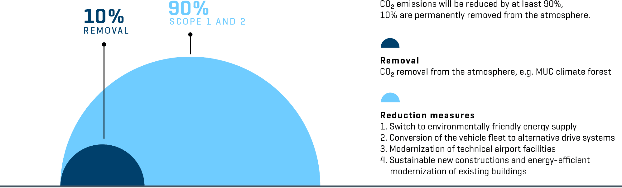 By 2035 at the latest, Munich Airport’s operations should no longer release CO₂ into the atmosphere. Net zero entails reducing the emissions that we can influence ourselves by at least 90 percent. The remaining maximum of ten percent will be actively and permanently removed from the atmosphere with suitable projects. The net zero target comprises four areas:
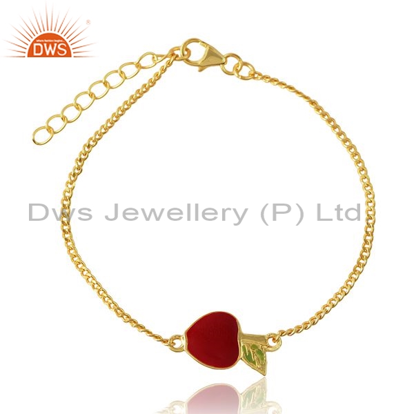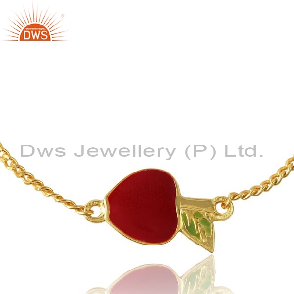 Sterling Silver Gold Bracelet With Apple Red Green Enamel
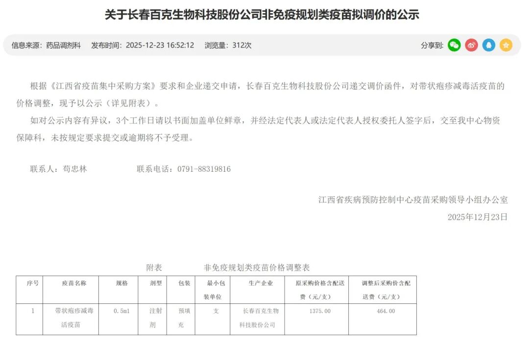 12月23日,江西省疾控中心发布《关于长春百克生物科技股份公司非免疫规划类疫苗拟调价的公示》,百克生物(SH688276,股价19.19元,市值79.38亿元)的带状疱疹减毒活疫苗,采购价(含配送费)从1375元/支降至464元/支,降幅约66%。

################

TASK REQUIREMENTS:
Lines from the one containing "Sterling Silver Gold" through the end of the listing, both included, are to be restated exactly, and pictures are to be left out.

EXERCISE OUTPUT:
 Sterling Silver Gold Bracelet With Apple Red Green Enamel
 12月23日,江西省疾控中心发布《关于长春百克生物科技股份公司非免疫规划类疫苗拟调价的公示》,百克生物(SH688276,股价19.19元,市值79.38亿元)的带状疱疹减毒活疫苗,采购价(含配送费)从1375元/支降至464元/支,降幅约66%。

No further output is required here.